The generator produces classification data with 2 classes, 7 discrete and 3 numeric attributes.

Usage

classDataGen(noInst, t1=0.7, t2=0.9, t3=0.34, t4=0.32, 
               p1=0.5, classNoise=0)

Value

The method classDataGen returns a data.frame with noInst rows and 11 columns. Range of values of the attributes and class are

a1

0,1

a2

0,1

a3

a,b,c,d

a4

0,1

a5

0,1

a6

a,b,c,d

a7

a,b,c,d

x1

numeric

x2

numeric

x3

numeric

class

1,2

For detailed specification of attributes (columns) see details section below.

Arguments

noInst

Number of instances to generate.

t1, t2, t3

Parameters, which control the hardness of the discrete attributes.

t4

Parameter, which controls the hardness of the numeric attributes..

p1

Probability of class 1.

classNoise

Proportion of noise in the class variable for classification or virtual class variable for regression.

Author

Petr Savicky

Details

Class probabilities are p1 and 1 - p1, respectively. The conditional distribution of attributes under each of the classes depends on parameters t1, t2, t3, t4 from [0,1]. Attributes a7 and x3 are irrelevant for all values of parameters.

Examples of extreme settings of the parameters.

  • Setting satisfying t1*t2 = t3 implies no difference between the distributions of individual discrete attributes among the two classes. However, if t1 < 1, then the joint distribution of them is different for the two classes.

  • Setting t1 = 1 and t2 = t3 implies no difference between the joint distribution of the discrete attributes among the two classes.

  • Setting t1 = 1, t2 = 1, t3 = 0 implies disjoint supports of the distributions of a1, a2, a4, a5, so this allows exact classification.

  • Setting t4 = 1 implies no difference between the distribution of x1, x2 between the classes. Setting t4 = 0 allows correct classification with probability one only using x1 and x2.

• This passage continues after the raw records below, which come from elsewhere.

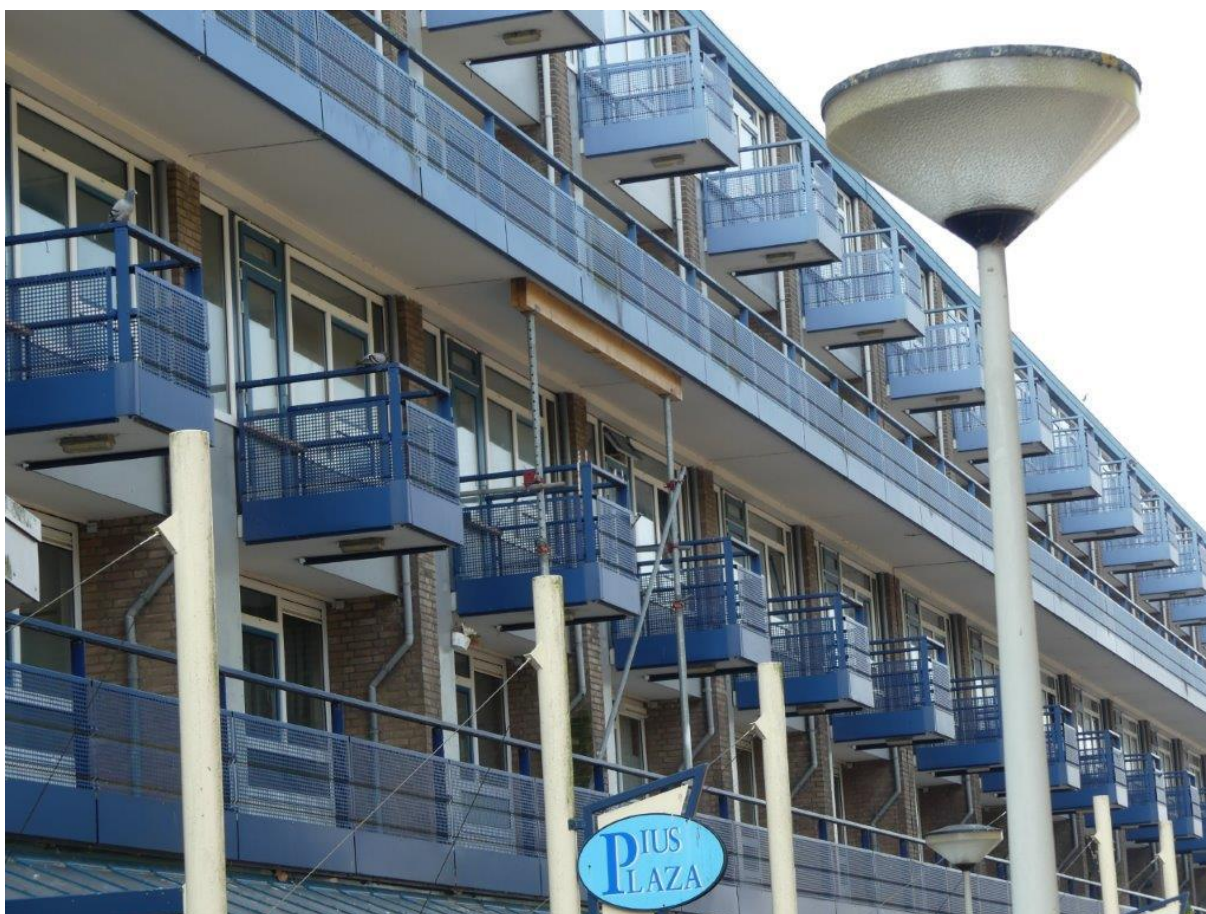
Foto 1 Het plangebied bestaat uit een galerijflat. De staat van onderhoud is niet optimaal.
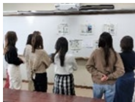
<フェリス女学院大学との連携による シェアサイクルフリーフレットと制作検討中 の様子(R4)>
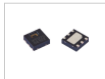
HTU20DF RH/T SENSOR W. FILTER
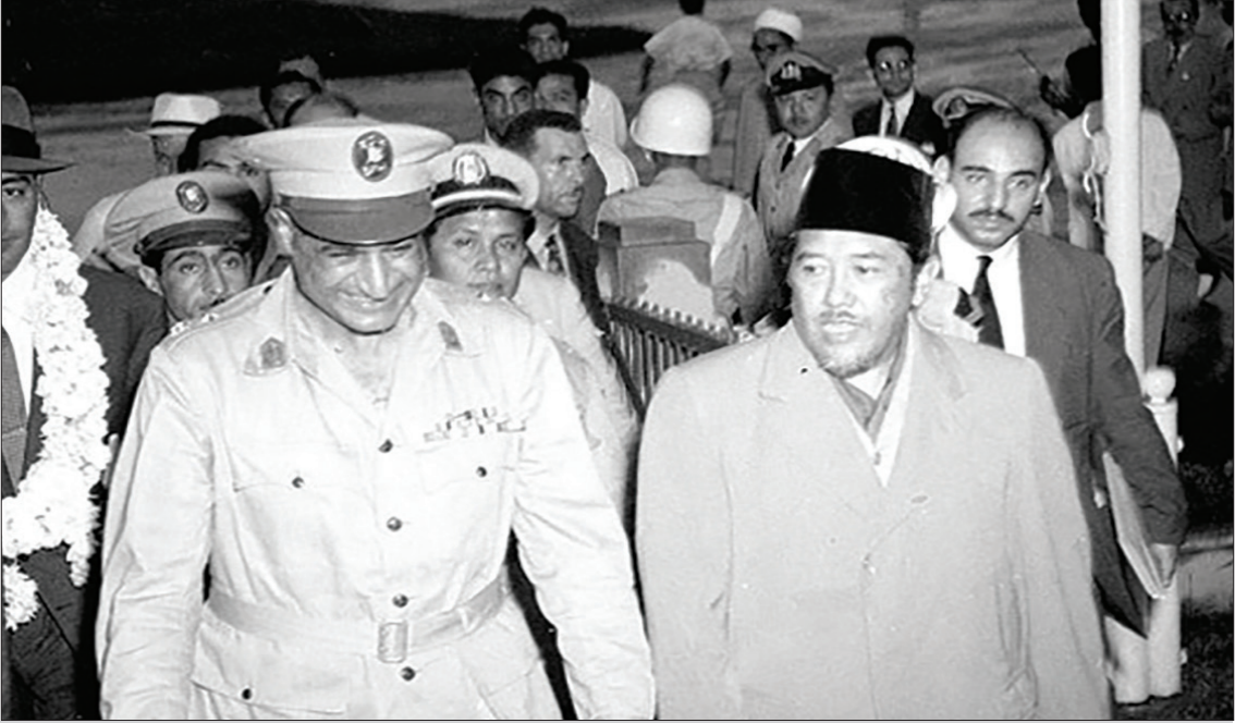
1956-1970 yıllarında Mısır'ın ikinci cumhurbaşkanı olarak görev yapan Cemal Abdülnasır Hüseyin (solda), 1955 yılında Bağlantısızlar Hareketi'nin kurulduğu Bandung Konferansı'nda.

1878 Berlin Kongresi'nde Osmanlıya verdikleri desteğin bedeli olarak Mısır'a ve Kıbrıs'a sözde geçici olarak el koydular. I. Dünya Savaşında Mısır'ı bölgedeki çatışmalarda ana üs olarak kullandılar.

For class 1 the attributes have distributions

(a1, a2, a3)\(D_1(t1, t2)\)
a4, a5, a6\(D_2(t3)\)
a7irrelevant attribute, probabilities of {a,b,c,d} are (1/2, 1/6, 1/6, 1/6)
x1, x2, x3independent normal variables with mean 0 and standard deviation 1, t4, 1
x4, x5independent uniformly distributed variables on [0,1]

For class 2 the attributes have distributions

a1, a2, a3\(D_2(t3)\)
(a4, a5, a6)\(D_1(t1, t2)\)
a7irrelevant attribute, probabilities of {a,b,c,d} are (1/2, 1/6, 1/6, 1/6)
x1, x2, x3independent normal variables with mean 0 and st. dev. t4, 1, 1
x4, x5independent uniformly distributed variables on [0,1]

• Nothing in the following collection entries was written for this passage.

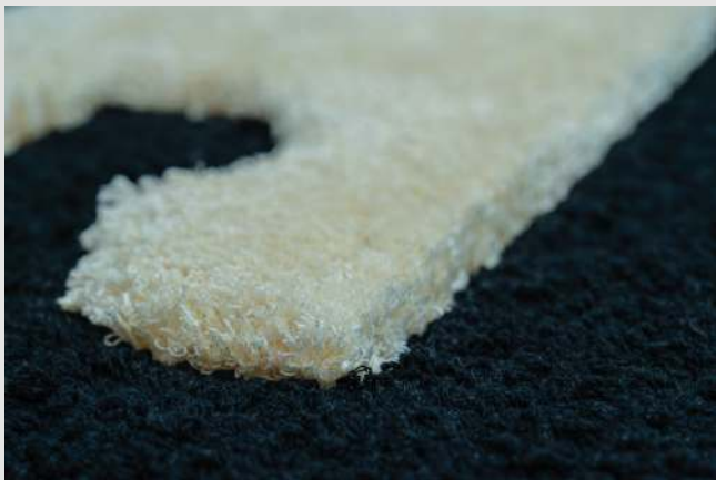
Многоуровневая стрижка ворса
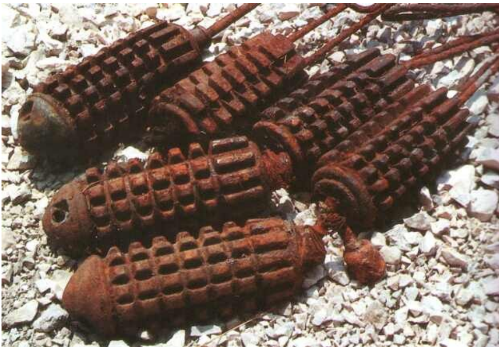
Avstro-ogrške ročne bombe

Predah po prvih štirih bitkah so Italijani izkoristili za okrepitev armade in izpopolnitev taktike - v letu 1915 so se marsičesa naučili. Nov velik napad na Soči so načrtovali za junij 1916, vendar so ga morali zaradi avstro-ogrške ofenzive na Južnem Tirolskem prestaviti na Avgust. Napad na goriško mostišče so pripravili tako skrbno, da branilci, močno oslabljeni zaradi ruske ofenzive na vzhodni fronti, niso ničesar opazili. 6. avgusta je strahovitemu obstreljevanju avstro-ogrskih položajev sledil sočasni napad italijanske pehote. V 40 minutah so Italijani zasedli Sabotin, načeli obrambo pri Podgori, le malo kasneje pa je bil v njihovih rokah tudi Šmihel. Položaj branilcev se je 8. avgusta zelo poslabšal, saj so Italijani z zasedbo Gorice dosegli velik politični uspeh, vendar so jim kljub zagrizenim napadom spodleteli vsi poskusi preboja nove avstro-ogrške obrambne fronte.
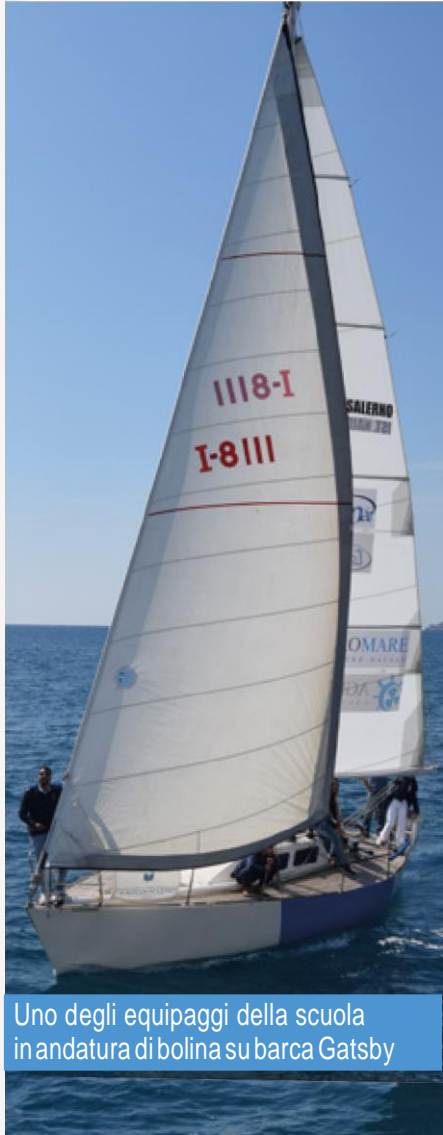
Uno degli equipaggi della scuola in andatura di bolina su barca Gatsby
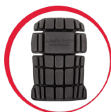
Ochraniacze kolan do spodni/ogrodniczek ochronnych

MATERIAŁ: 60% bawełna, 40% poliester, 270 g/m 2 . Pasy odbłaskowe zgodne z normą EN ISO 20471. Wysoka klasa widzialności: klasa 2. Podwójne szwy. Regulacja w pasie za pomocą ściągacza. Szlufki na pasek. Nap pokryty tworzywem chroniącym przed kontaktem z wodą. 10 kieszeni, w tym 4 zapinane na rzep. Kieszenie na ochraniacze kolan zamykane na rzep. Szlufka na młotek. Wszywka identyfikacyjna. NORMA: EN ISO 13688, EN ISO 20471.
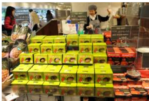
「さぬきキウイっこ」の販路開拓（伊勢丹新宿店ほか）
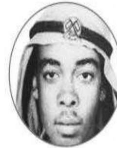
الشهيد سالم سهيل خميس

لقد كان أول الشهداء الذين رَووا بدمائهم الزكية تربة الوطن، وقبره شاهدٌ على ظلم الغزاة المعتدين، وقد أمر صاحب السمو الشيخ خليفة بن زايد آل نهيان رئيس دولة الإمارات العربية المتحدة - حفظه الله - بتحديد يوم 30 نوفمبر من كل عام يوماً رسمياً لجميع شهداء الدولة تحت مُسمى (يوم الشهيد) الذي يصادف يوم استشهاد سالم سهيل أول شهيد إماراتي.
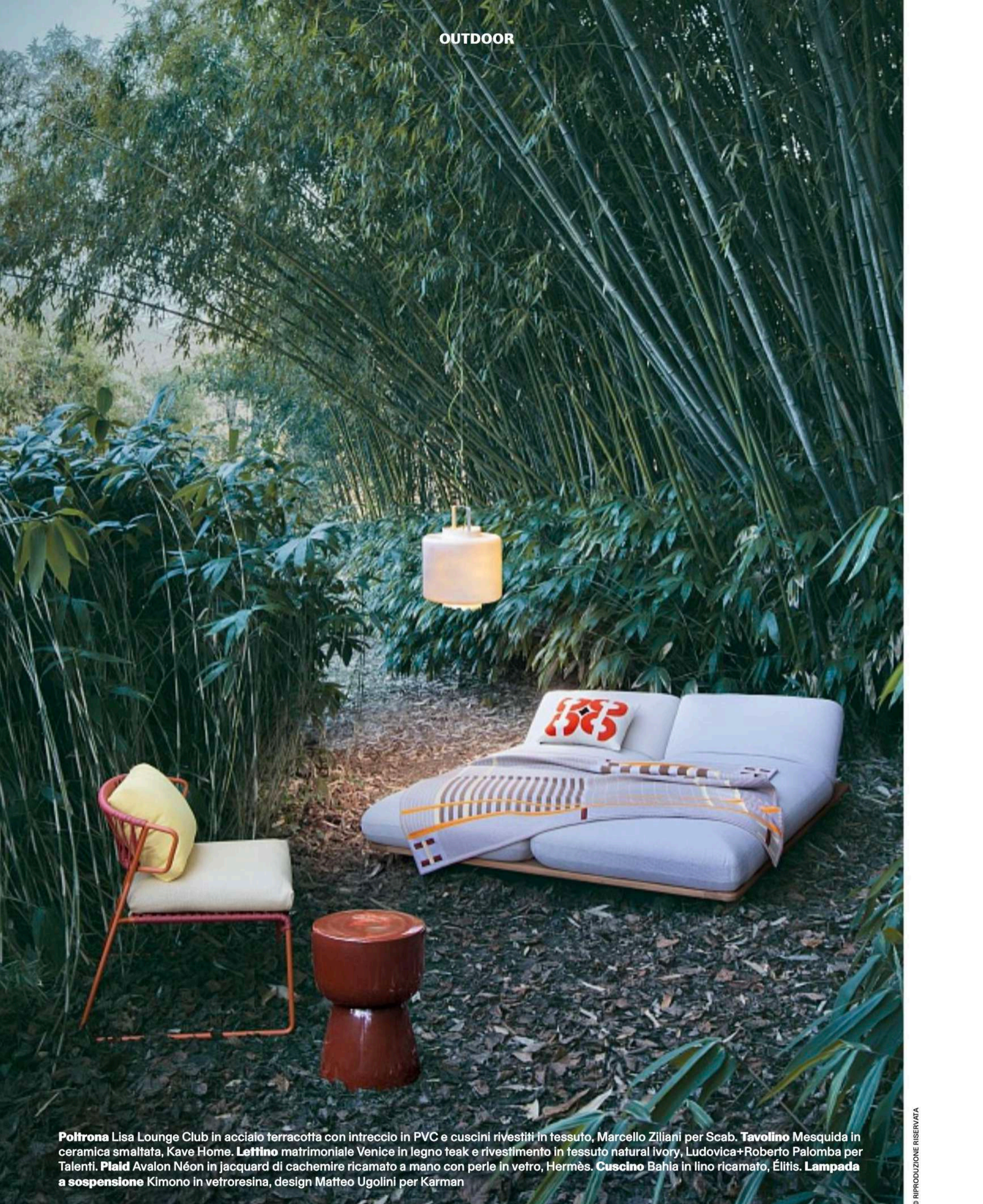
Poltrona Lisa Lounge Club in acciaio terracotta con intreccio in PVC e cuscini rivestiti in tessuto, Marcello Ziliani per Scab. Tavolino Mesquida in ceramica smaltata, Kave Home. Lettino matrimoniale Venice in legno teak e rivestimento in tessuto natural Ivory, Ludovica+Roberto Palomba per Talenti. Plaid Avalon Néon in jacquard di cachemire ricamato a mano con perle in vetro, Hermès. Cuscino Bahia in lino ricamato, Élitis. Lampada a sospensione Kimono in vetroresina, design Matteo Ugolini per Karman

x3 is irrelevant for classification, since it has the same distribution under both classes.

Attributes in a bracket are mutually dependent. Otherwise, the attributes are conditionally independent for each of the two classes. This means that if we consider groups of the attributes such that the attributes in each of the two brackets form a group and each of the remaining attributes forms a group with one element, then for each class, we have 7 groups, which are conditionally independent for the given class. Note that the splitting into groups differs for class 1 and 2.

Distribution \(D_1(t1,t2)\) consists of three dependent attributes. The distribution of individual attributes depends only on t1*t2. For a given t1*t2, the level of dependence decreases with t1 and increases with t2. There are two extreme settings: Setting t1 = 1, t2 = t1*t2 has the largest t1 and the smallest t2 and all three attributes are independent. Setting t1 = t1*t2, t2 = 1 has the smallest t1 and the largest t2 and also the largest dependence between attributes.

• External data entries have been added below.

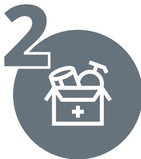
KOMPLET ZA PREŽIVLJAVANJE
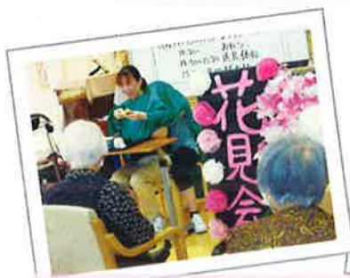
「花見会」の花飾りは、スタッフ利用者様と作成しました ♪

4月2日（金）「ケアポート花見会」を開催予定でしたが、今年も昨年同様「新型コロナウイルス感染予防」の為、縮小して「春のお楽しみ会」を実施しました。
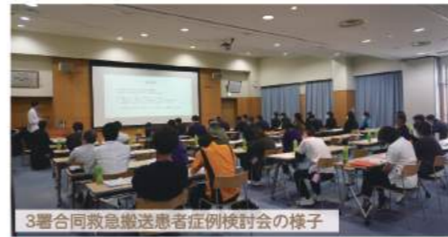
3署合同救急搬送患者症例検討会の様子
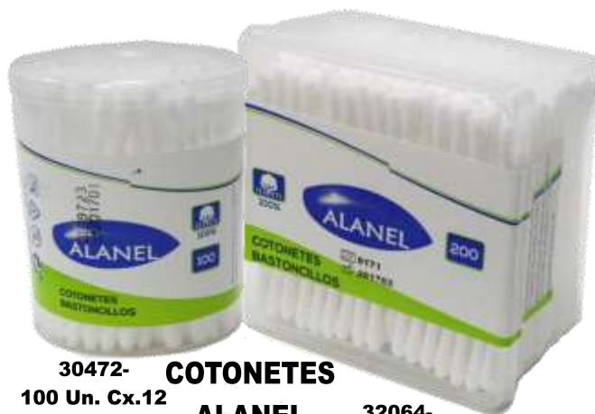
30472- COTONETES ALANEL 100 Un. Cx.12
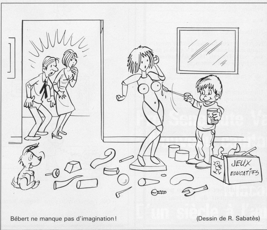
Bébert ne manque pas d'imagination!

Préfacé par le conseiller fédéral Léon Schlumpf, ce livret fort utile des CFF a bénéficié de la collaboration de l'Association suisse du sport (ASS) et de l'Office national suisse du tourisme (ONST). On peut l'obtenir au prix de 6 francs, jusqu'à épuisement du stock, au «CFF-Shop», Case postale 29, 3000 Berne 26, ainsi que dans les gares.
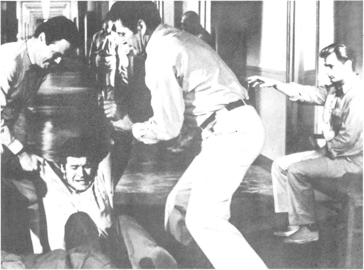
SHOCK CORRIDOR, Samuel Fuller
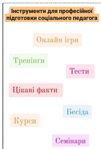
Рис. 1. Інструменти професійної підготовки майбутніх соціальних педагогів до соціально-педагогічного консультування в умовах дистанційної освіти

ігри; професійне тестування; участь в онлайн курсах професійного спрямування; круглі столи, семінари, інтерактивні бесіди з обговоренням цікавих фактів та міні-конференції; опанування сучасним ІКТ, розвиток медіа грамотності тощо (Рис. 1).
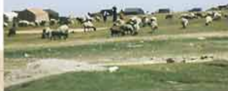
イラン南西部の高地。
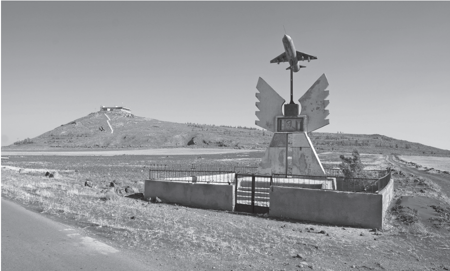
▲ Fig. 2 - Monument 43, à Imtan.
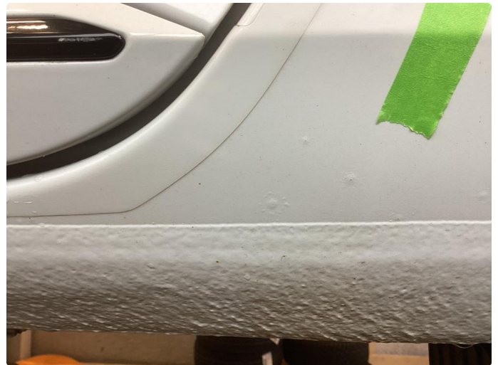
1.1 Påbegynt rust og sinkslipp begge bakskjermer også sinkslipp høyre for/bakdør
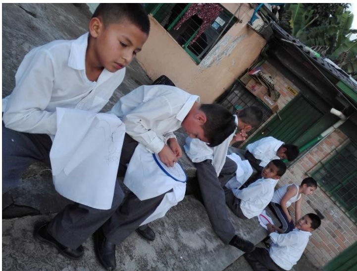
Imagen 3. Estudiantes de cuarto grado en actividad de tejido
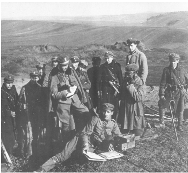
Dowództwo 1 pułku strzelców

W wyniku polskiej ofensywy rozpoczętej 14 maja 1919 r. UHA została zepchnięta na wschód Galicji, do trójkąta pomiędzy Czortkowem i rzekami Dniestr oraz Zbrucz. W walkach wbrew zobowiązaniom władz II RP brały udział oddziały Błękitnej Armii gen. Józefa Hallera sformowanej we Francji. Operacją dowodził gen. Józef Haller. Po dwóch tygodniach, wobec możliwości wybuchu wojny z Niemcami i groźby wstrzymania dostaw uzbrojenia przez Ententę Józef Piłsudski musiał zatrzymać ofensywę.

Distribution \(D_2(t3)\) is equal to \(D_1(1, t3)\), so it contains three independent attributes, whose distributions are the same as in \(D_1(t1,t2)\) for every setting satifying t1*t2 = t3.

In other words, if t3 = t1*t2, then the distributions \(D_1(t1, t2)\) and \(D_2(t3)\) have the same distributions of individual attributes and may differ only in the dependences. There are no in \(D_2(t3)\) and there are some in \(D_1(t1, t2)\) if t1 < 1.

Hardness of the discrete part

Setting t1 = 1 and t2 = t3 implies no difference between the discrete attributes among the two classes.

Setting satisfying t1*t2 = t3 implies no difference between the distributions of individual discrete attributes among the two classes. However, there may be a difference in dependences.

Setting t1 = 1, t2 = 1, t3 = 0 implies disjoint supports of the distributions of a1, a2, a4, a5, so this allows exact classification.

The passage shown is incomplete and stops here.